CINECAL: ONE SENTENCE REVIEWS

Thursday, 29 June 2017

A Million (10억) (2009)


Eight strangers believe they have been chosen to compete in a televised Survivor-style game in the Australian outback but once the game begins, they realise it is a sick game of life and death, in this intriguing but really very stupid And Then There Were None reiteration featuring lots of screaming, a bad guy who is able to magic himself to wherever the contestants happen to be - it doesn't matter how far they've stumbled through the desert that day, he's there - and webcams which broadcast the grim events from even, say, a billabong or a random sand dune, a dead tree or at The Pinnacles.

★★☆☆☆

CINECAL: ONE SENTENCE REVIEWS

Wednesday, 14 June 2017

Bedevilled (김복남 살인사건의 전말) (Kim Bok-nam Salinsageonui Jeonmal) (2010)

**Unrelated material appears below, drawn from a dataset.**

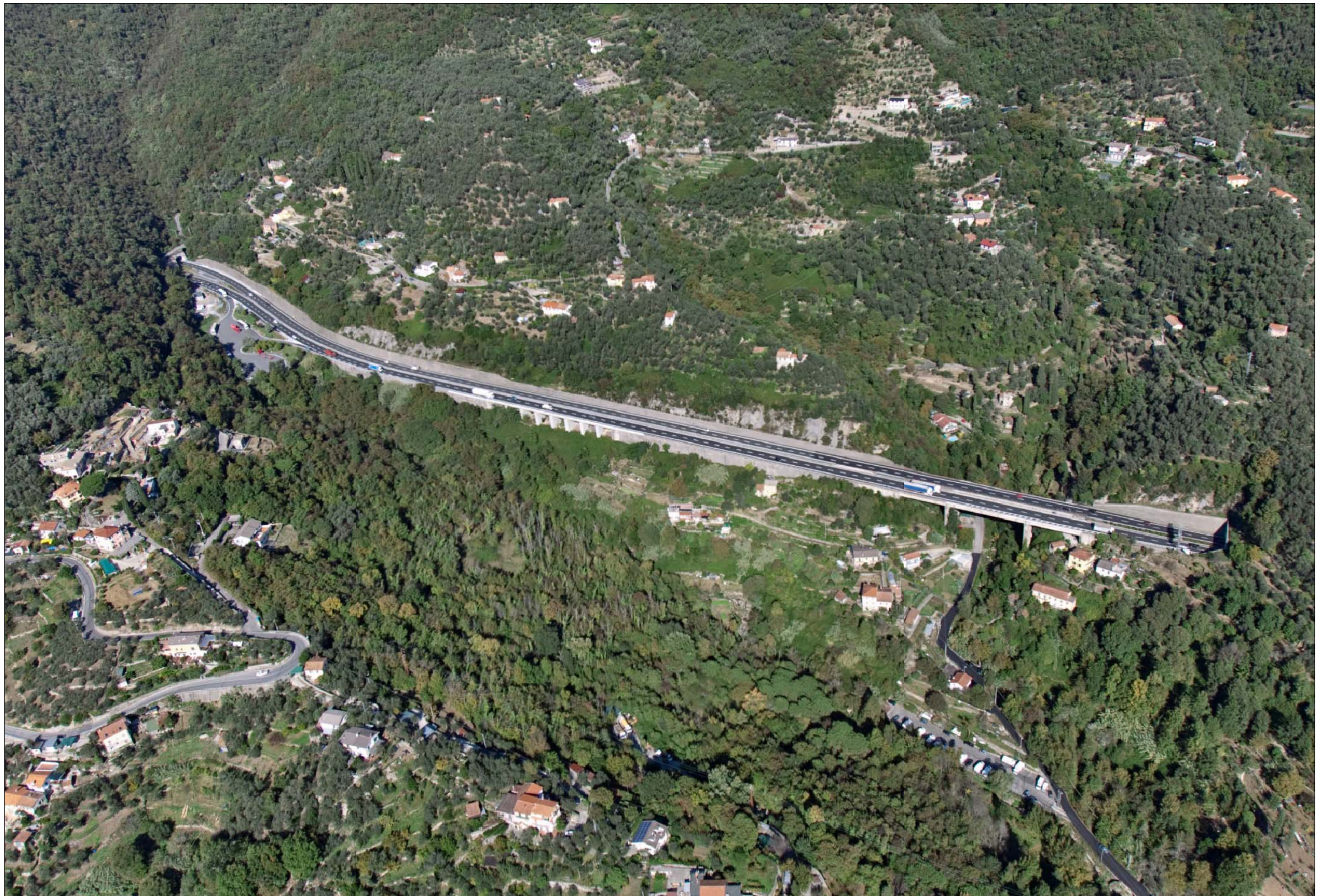
Svincolo in A12 e imbocco Galleria Caravaggio lato Rapallo Stato di fatto

Great revenge thrillers have you feeling so strongly for wronged heroes that no amount of brutal retribution is too much - there is perverse pleasure in indulging in a revenge fantasy and seeing justice doled out in a violent way not allowed in real-life - but in this 2010 South Korean revenge thriller, the woman with the sickle (pictured) has thirty years of good reasons to hate her enemies (the villagers of Moo-do Island) but the reasons for her insane rage at all of the people on the island isn't made completely clear until after the bloodbath and so the violence is  joy-free and horrific; you can't shake the idea, too, that some of the enemies are women who share in the heroine's plight, and several clumsy plot advancements also detract from what really could have been, with a few slight changes, a perfectly grisly pleasure.

★★★☆☆

CINECAL: ONE SENTENCE REVIEWS

Friday, 23 December 2016

The Handmaiden (2016)


The trouble with Park Chan-wook's movies like Old Boy and Stoker is their gleefully twisted plots tend to be detached, joyless affairs populated with cold, heartless characters, but not so this sumptuous thriller inspired by Sarah Water's "The Fingersmith" about cold, heartless swindlers enacting a cold, heartless plot - the fear halfway through is this thriller will also remain a detached robotic affair but the twist in the end is that there is heart, just not where you expect to find it.

★★★★☆

CINECAL: ONE SENTENCE REVIEWS

Tuesday, 30 August 2016

Truck (트럭) (Teu-reok) (2008)


South Korean movies, after the success of Squid Games and Parasite, are enjoying popularity, all of them, so I watched Truck, a thriller with the promising premise of a deliveryman coerced by mobsters into a body disposal job - he has a sick daughter, needs the money, and doesn't have much choice in the matter - but when his dire situation is compounded by a serial killer hitchhiker, multiple car accidents, and one body in the back of his truck that turns out to be not a body but a live woman, it becomes harder and harder to remain patient with the impossibly unfortunate roadtrip.

☆☆☆

CINECAL: ONE SENTENCE REVIEWS

Friday, 17 June 2016

The Wailing (곡성) (Gokseong) (2016)


The thing that makes Korean film so compelling is that no matter the genre - mystery, drama, horror, comedy, or in the case of this masterpiece, a mystifying, indefinable blend of all four - what resonates most deeply is the human condition: grubby, lovely, messy, profound, absurd, and while some viewers will dismay at the whole once all is said and done, they will certainly have laughed, cried, and been thoroughly wrung of emotion - anger, fear, sadness, joy, all of them - thrilled and disturbed by the story of a Korean village and a policeman's family rocked by inexplicable - and decidedly grisly - goings-on.